When you say extract then I have to ask.
Most people, myself included, will probably mean much like you exploded a ROM into the files you see there you want to repeat the process. For some binaries on some systems (see PE aka portable executable on Windows/Xbox family where you might meet it as EXE files XEX, XBE and DLL, and ELF in many other things) this can be a meaningful term. For the DS then it is not really a thing. I can note that any online game I have looked at (this is not one of them, indeed Mario Kart would probably be the thing that brought online to the DS but different story there) has ASCII strings corresponding to the error codes (including all the weird and wonderful that I might bet nobody in the world ever saw or will see) so can make for a nice place to stash some code of your own.

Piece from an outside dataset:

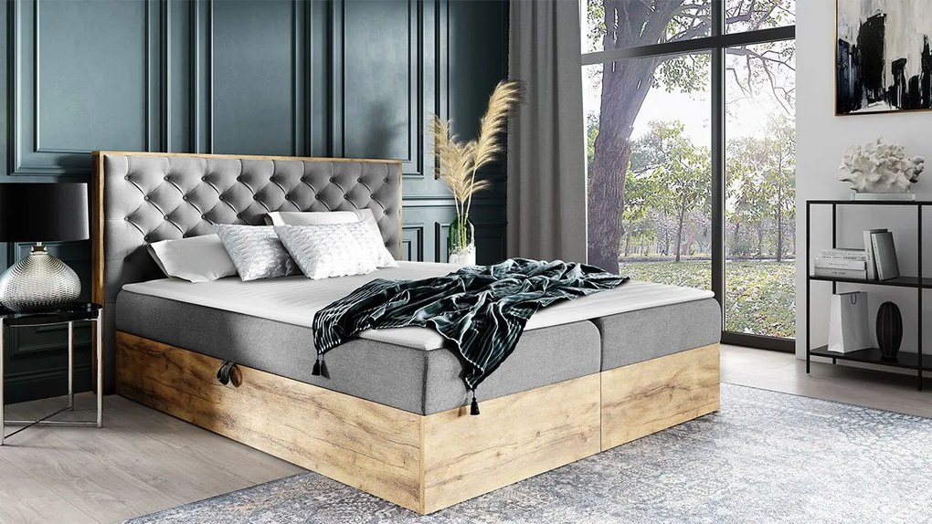 Kontinentálna posteľ Madaris 3, Rozmer postele: 200x200, Dostupné poťahy: dub wotan + Faro 7
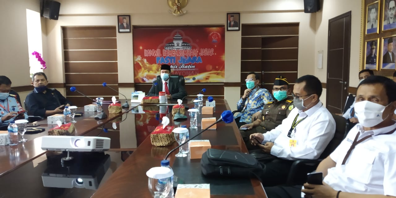 Menkumham Yasonna H Laoly meresmikan layanan publik Revolusi Digital Kemenkumham RI, diikuti seluruh Pimpinan tinggi Kanwil Kemenkumham Jabar, Ombudsman Jabar, Kejari dan BNNP, melalui virtual zoom, bertempat diruang rapat Kakanwil jl. Jakarta.no. 27 Bandung,  Senin, (12/10/2020).

However for binaries there is another note as pertains to extraction. DS binaries and overlays often use their own type of compression that differs from the classic BIOS compression/type 10/type 11/type 40 compression/LZ compression that DS files are often seen to use. It is known as BLZ and works slightly differently, such that you need a dedicated decompression tool. Cue's compression tools include this http://www.romhacking.net/utilities/826/ as well as reference grade decompression tools for all the other BIOS types and other types mentioned thus far.
I will also note that the compression detection of Crystaltile2 (open ROM in it, click the little DS icon on the right of the toolbar icons, in the new window will be files, its compression detection will replace icons with a little clear cylinder and LZ in there) is a bit bugged and might see compression where there is none as it pertains to binaries. It is also sometimes a bit annoying to get things compressed and back into the ROM such that it works.
I don't think stock Mario 64 DS is compressed here but I might be wrong, and there are possibilities for hackers to do it, dumps to have it added and possibly some regional oddities (don't know if the Korean version got it for instance).
If it is compressed then you will also struggle to feed the thing as found in ROM (as found in RAM is a different matter) to a disassembler as all the ones I have seen and generally see people use are not compression aware.